本发明采用上述同样的试验方法测试了化合物6、化合物7、化合物11、化合物20、化合物38、化合物39、化合物71、化合物102对脂肪细胞TG含量以及Cidec基因的表达的作用。其结果显示这些化合物能够减少脂肪细胞中TG含量,抑制Cidec基因的表达。其中,化合物6的有效剂量范围为1~10mM(图7),化合物7的有效剂量范围为1~2Mm(图8),化合物11的有效剂量范围为0.5~2Mm(图9),化合物20的有效剂量范围为0.5~2Mm(图10),化合物38的有效剂量范围为0.1~0.5Mm(图11),化合物39的有效剂量范围为0.1~0.2Mm(图12),化合物40的有效剂量范围为1~2Mm(图13),化合物47的有效剂量范围为1~2Mm(图14),化合物48的有效剂量范围为1~2Mm(图15),化合物71的有效剂量范围为1~10Mm(图16),化合物102的有效剂量范围为1~2Mm(图17)。

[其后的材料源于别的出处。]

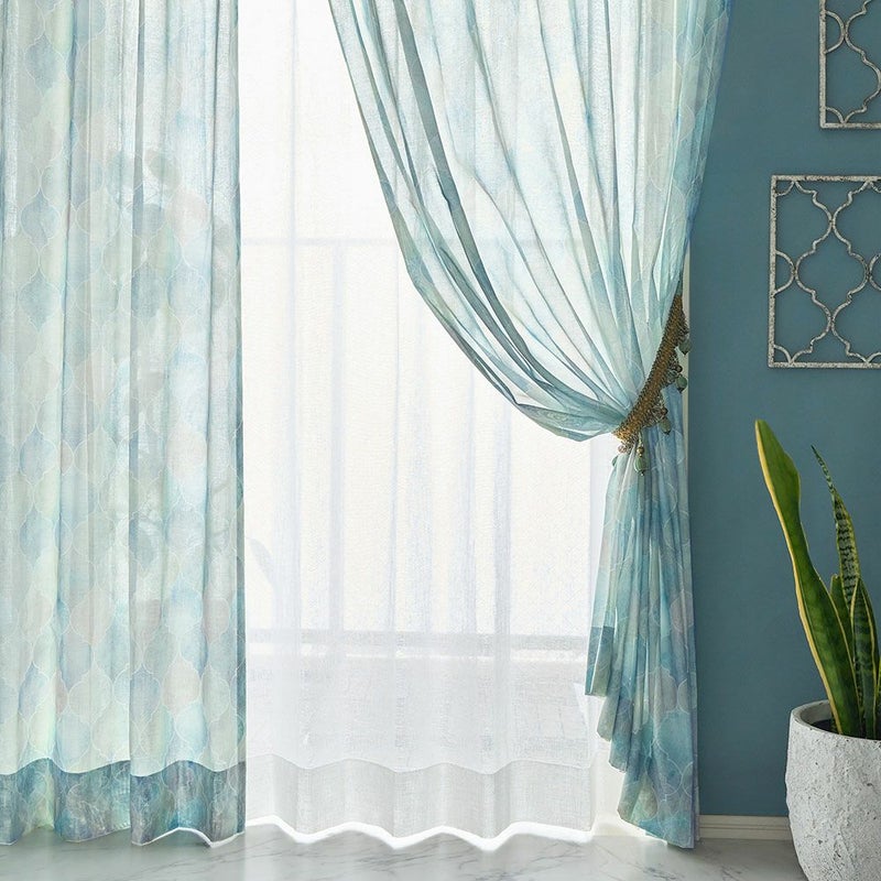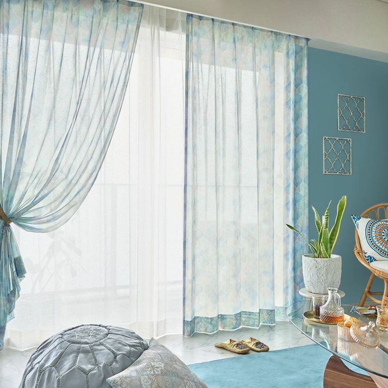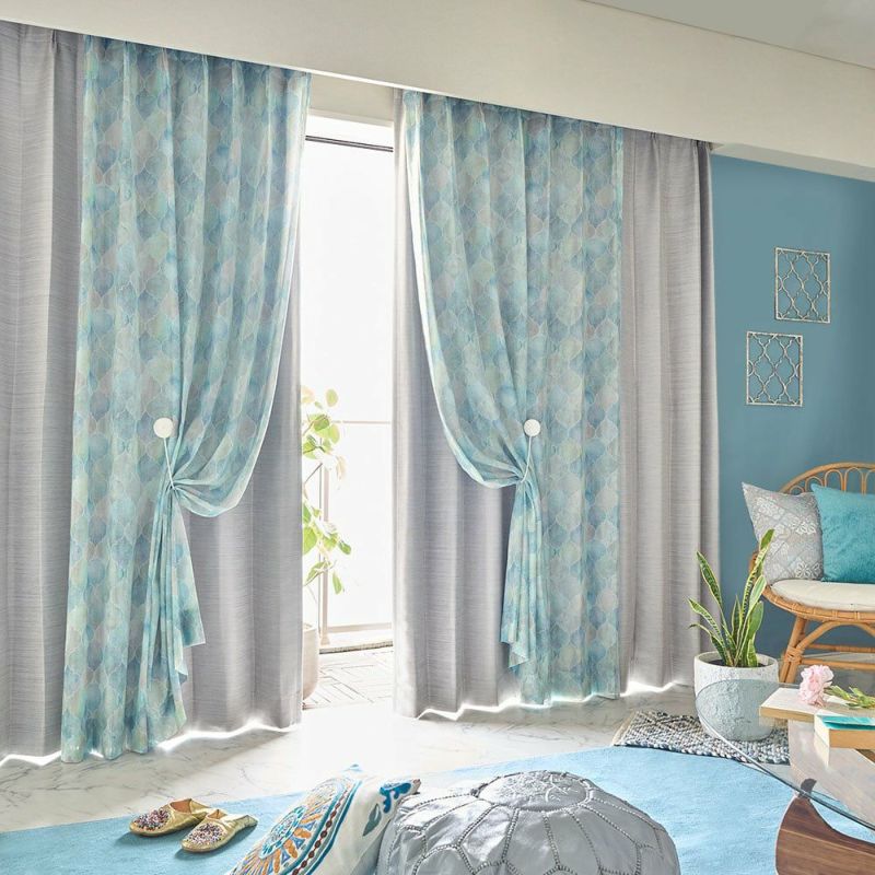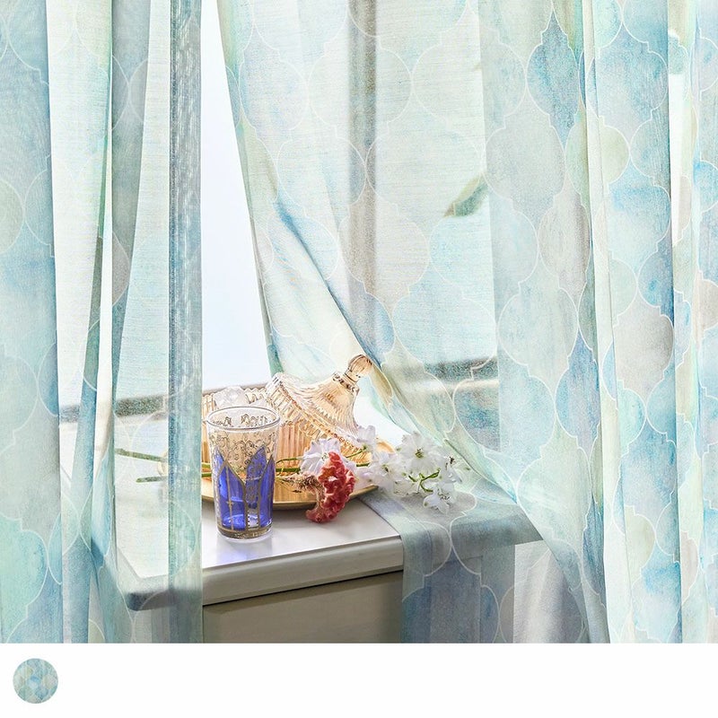 モロッコを象徴する、ブルーの魅力を窓辺に。地中海の青、街中で見られる壁や建物の青、様々なデザインに溢れるタイル装飾の青。それらのエスプリをミックスした、神秘的なブルーのカーテン。モロッカンブルーの空間を楽しんで。

试验例4本发明化合物对鼠源和人源骨骼肌干细胞增殖的作用
C2C12细胞是小鼠骨骼肌干细胞来源的成肌细胞株,在体外培养条件下可以增殖或诱导分化。本试验采用的C2C12细胞购自ATCC,编号:CRL-1772TM。
在含有10%胎牛血清(Ausbian)、1%青霉素(biotopped)和1%链霉素(amresco)的DMEM培养基(Gibico)培养传代。将C2C12细胞以8×104/cm2的密度接种到24孔板中,12小时后将培养基用饥饿培养基(不含血清,DMEM加入1%青霉素和1%链霉素)替换;饥饿12小时后再更换正常培养基(DMEM,10%胎牛血清,1%青霉素和1%链霉素),同时分别用不同浓度的本发明化合物(使用PBS稀释待测化合物至所需浓度),处理24小时后,用CCK试剂盒(日本DOJINDO公司)测量细胞密度。处理12小时后,使用real-time PCR(BIO-red)测量CyclinE1的基因表达。PBS缓冲液处理做对照。基因表达的测量同试验例3中检测Cidec的基因表达的方法。
另外,利用人源骨骼肌干细胞株(购自北纳生物),采用与如上相同的试验方法检测了本发明化合物增加人源骨骼肌干细胞的细胞密度并促进CyclinE1的基因表达的作用。
结论:如图19的A~D所示,5mM的本发明化合物6显著促进C2C12细胞系中CyclinE1的基因表达(A),2、5mM的本发明化合物6显著增加C2C12细胞系的细胞密度(B)。此外,2、5mM的本发明化合物6促进人肌肉细胞系中CyclinE1的基因表达(C),2mM的本发明化合物6显著增加人肌肉细胞系的细胞密度(D)。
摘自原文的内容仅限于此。